Matthieu is tapping the wall that divides the kitchen and lounge, frowning as a clot of plaster crumbles away to the floor.
“Thanks.” He accepts the mug, wraps his fingers around it. “This is just a partition wall. It’s not holding anything up. How far do you want to go with this renovation?”
I sweep my eyes across the lounge, then step back to look through the doorway to the kitchen. “I guess we could take it down? Open this space up?”
“It could do with more light,” Matthieu says, sipping his coffee. “And if we’re ripping out carpet, wallpaper, stripping it all back... that is, if you want to—”
“Makes sense.”
“All right,” he says, reaching out to tap his knuckles againstthe wall again. “All right. Shall we start with an hourly rate? Or would you rather I quote for the whole job?”
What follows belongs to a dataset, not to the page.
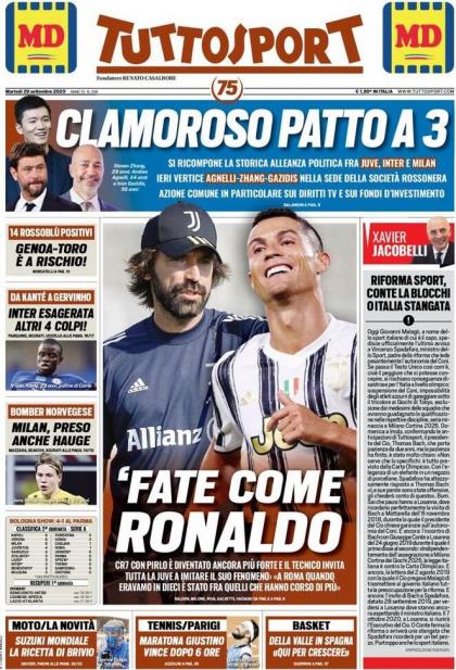 יובנטוס נתקלה בלא מעט קשיים נגד רומא , ואז היה לה את האיש למשימות מיוחדות – כריסטיאנו רונאלדו שכבש צמד בדרך ל-2:2. הפורטוגלי, כזכור, הגיע ל-450 שערים בשלוש הליגות הגדולות. אולם, המאמן אנדראה פירלו התרשם דווקא מהחוייבות שהפגין והריצה הבלתי פוסקת שלו כשקבוצתו נותרה בעשרה שחקנים. באיטליה נכתב כי המאמן הפציר בשחקניו: "תהיו כמו רונאלדו".

“Do you want to see upstairs first?”
He smiles into his coffee. “I know what I’ll find—more of the same.”
“Okay. Well, I guess the whole job, then.”
He gives me a figure, and I quickly calculate what that leaves in my savings, how much I’ll have left to live on until the spring. It’s just enough to buy some furniture to stage the cottage for selling, buy building materials we’ll need, and pay for any specialist tradespeople. “Done.”